**Assignment**
Take the records below from their first line through the line holding "Students holding their", and set each of those lines down exactly, without pictures.

**Given records**
___

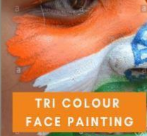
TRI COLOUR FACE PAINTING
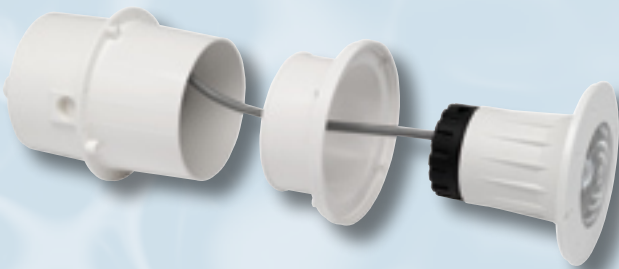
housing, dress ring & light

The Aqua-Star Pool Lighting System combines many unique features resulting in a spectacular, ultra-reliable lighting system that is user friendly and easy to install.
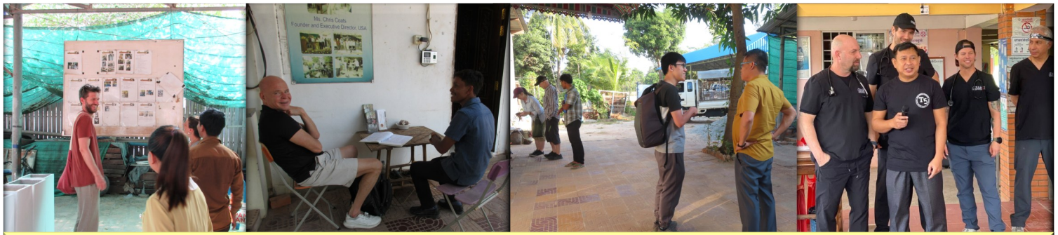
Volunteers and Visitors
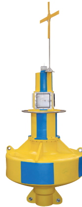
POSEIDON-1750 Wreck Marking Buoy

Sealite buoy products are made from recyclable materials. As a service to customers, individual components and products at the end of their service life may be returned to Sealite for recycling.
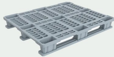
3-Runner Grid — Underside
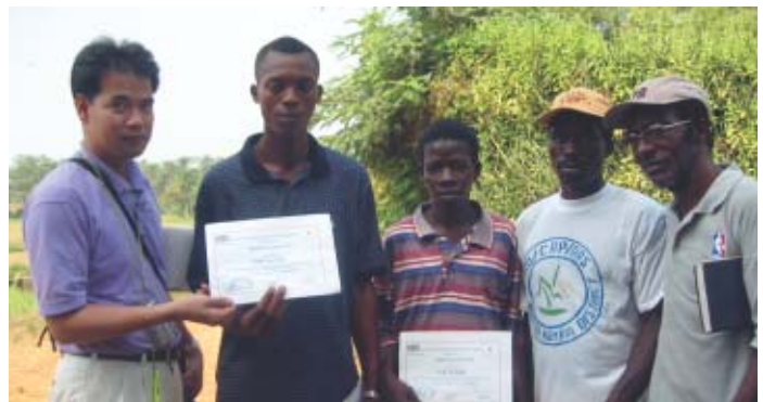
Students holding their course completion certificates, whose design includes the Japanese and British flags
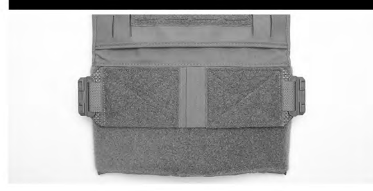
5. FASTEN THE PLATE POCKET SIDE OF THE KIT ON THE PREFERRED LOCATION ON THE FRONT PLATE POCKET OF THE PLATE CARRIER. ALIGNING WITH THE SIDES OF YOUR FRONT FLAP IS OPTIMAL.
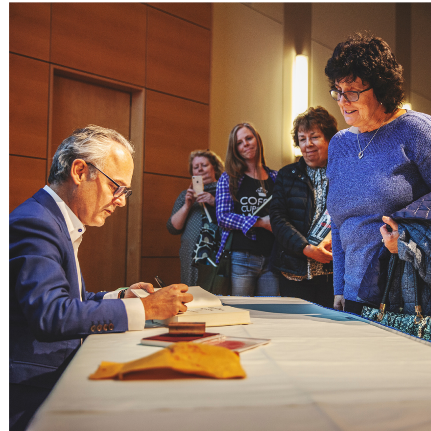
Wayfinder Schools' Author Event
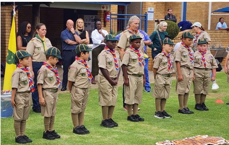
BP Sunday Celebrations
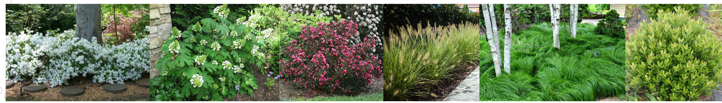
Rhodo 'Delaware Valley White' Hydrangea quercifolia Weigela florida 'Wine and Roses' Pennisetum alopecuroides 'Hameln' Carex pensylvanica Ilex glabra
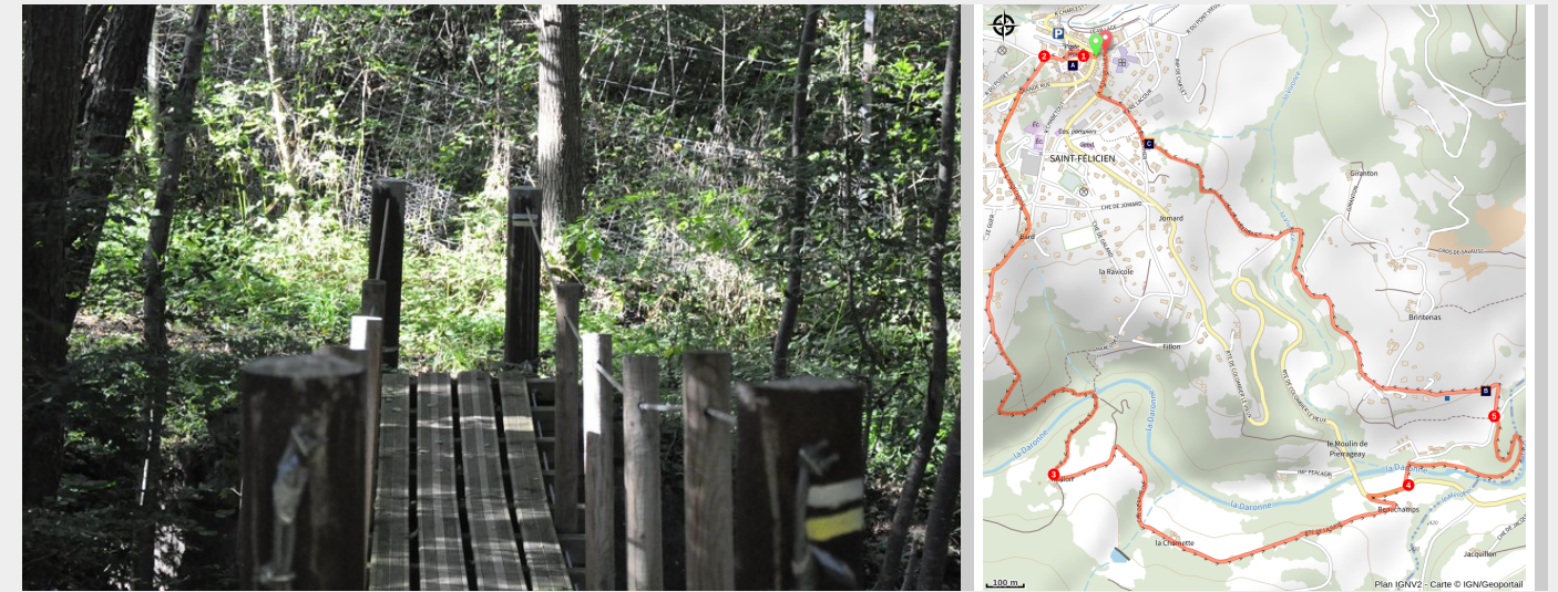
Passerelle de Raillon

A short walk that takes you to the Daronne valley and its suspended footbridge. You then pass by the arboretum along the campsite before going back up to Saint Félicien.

___

**Worked solution**
TRI COLOUR FACE PAINTING
housing, dress ring & light

The Aqua-Star Pool Lighting System combines many unique features resulting in a spectacular, ultra-reliable lighting system that is user friendly and easy to install.
Volunteers and Visitors
POSEIDON-1750 Wreck Marking Buoy

Sealite buoy products are made from recyclable materials. As a service to customers, individual components and products at the end of their service life may be returned to Sealite for recycling.
3-Runner Grid — Underside
Students holding their course completion certificates, whose design includes the Japanese and British flags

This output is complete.